This node facilitates painting along the local XZ plane, making it ideal for walls and wall-like meshes (or effects). Some walls may be modeled along YZ (in which case you should use the Don Local Space YZ listed below).

Along with the regular RGBA information this node contains a special “XZ masked alpha” which is used to prevent artifacts from accumulating along the omitted axis (Y in this case). The XZ alpha mask is essential for things like painting graffiti on walls because it ensures that your graffiti paint does not accumulate along thickness of your wall.

R – The red channel of this paint texture

G – The green channel of this paint texture

B – The blue channel of this paint texture

A – The alpha channel of this paint texture. This tells you which parts of the mesh have been painted and which parts haven’t. Gotcha: Because the default paint brush is an Alpha Composite brush, your alpha is inverted! This means the white parts have not been painted while the black parts have. Remember this while blending your effects.

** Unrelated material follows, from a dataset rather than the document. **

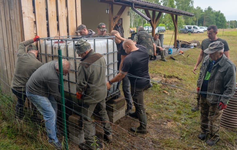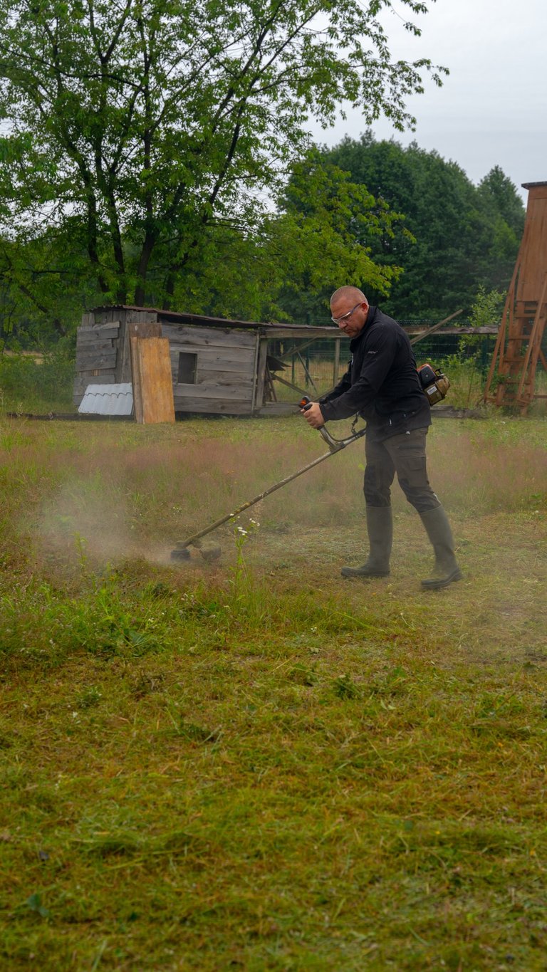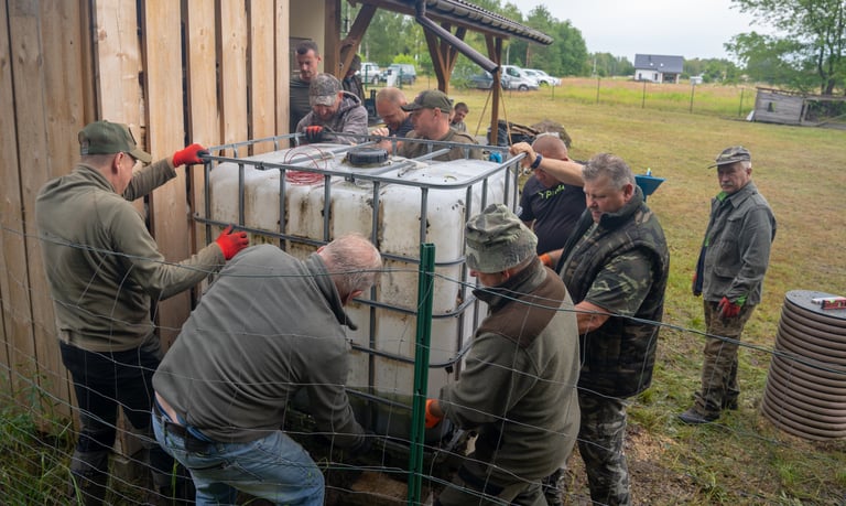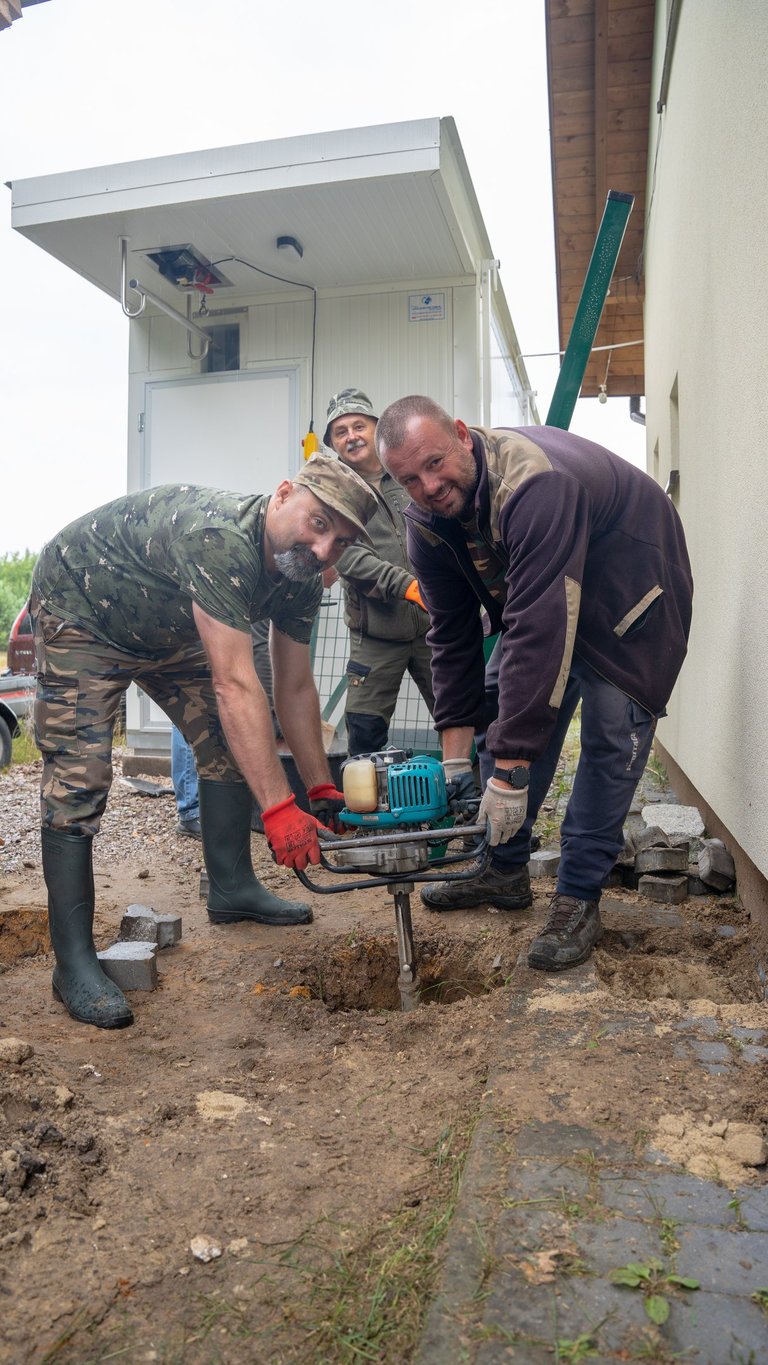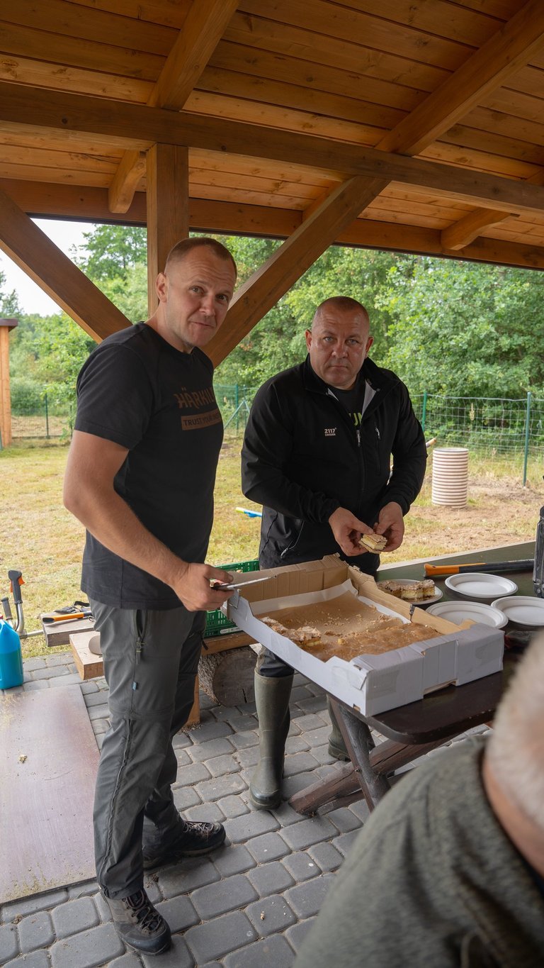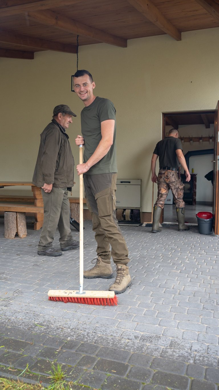 Wspólnym wysiłkiem uporządkowaliśmy teren wokół domku myśliwskiego, przeprowadziliśmy zalewanie słupków pod przyszłe ogrodzenie chłodni, wykosiliśmy trawę, a także pocięliśmy drewno i starannie ułożyliśmy je w drewutni. Zadbaliśmy również o czystość wewnątrz osady myśliwskiej oraz wokół niej, a przy okazji wykonano niezbędne prace konserwacyjne przy urządzeniach łowieckich – ambonach i paśnikach.

XZ Masked Alpha – Similar to the alpha channel, but additionally masks out any pixels that are orthogonal to our plane of interest. This is very important for preventing artifacts from building up along the thickness of your planar mesh.

RGBA – A float4 containing all the channels as a single output

 


Don Local Space YZ

This node facilitates painting along the local YZ plane, making it ideal for certain types of walls and wall-like meshes (or effects). Some walls may be modeled along XZ (in which case you should use the Don Local Space XZ node listed above).

Along with the regular RGBA information this node contains a special “YZ masked alpha” which is used to prevent artifacts from accumulating along the omitted axis (X in this case). The YZ alpha mask is essential for things like painting graffiti on walls because it ensures that your graffiti paint does not accumulate along thickness of your wall.

R – The red channel of this paint texture

G – The green channel of this paint texture

B – The blue channel of this paint texture

A – The alpha channel of this paint texture. This tells you which parts of the mesh have been painted and which parts haven’t. Gotcha: Because the default paint brush is an Alpha Composite brush, your alpha is inverted! This means the white parts have not been painted while the black parts have. Remember this while blending your effects.

YZ Masked Alpha – Similar to the alpha channel, but additionally masks out any pixels that are orthogonal to our plane of interest. This is very important for preventing artifacts from building up along the thickness of your planar mesh.

RGBA – A float4 containing all the channels as a single output


Mesh Space UVs


On this page:


Introduction

Mesh-Space UV nodes allow full 3D painting by using the UV map(s) of your mesh to project your paint strokes onto a texture. Depending your usecase you may require a lightmap UV on UV1 (see Preparing your mesh for painting) or you may be able to leverage the “fast-path” via Collision UV support along UV0 (static meshes only).

In addition to the base layer, additional nodes suffixed _Layer1 and _Layer2 are available for orchestrating multiple effects that are independent of each other.

Let’s take a look at the available nodes:


Don Mesh Paint UV1

As UV1 in the name indicates, this node requires a lightmap UV on your mesh’s UV1 channel. Seamless painting is supported by this node (for procedural brushes, not for decals). Typically, skeletal meshes will exclusively use this node while static meshes have the option of using Don Mesh Paint UV0 as an optimization (see below).

The Layer1 and Layer2 variants of this node allow you to paint effects on separate layer channels that are fully independent of each other. Each layer will cost you a separate texture though.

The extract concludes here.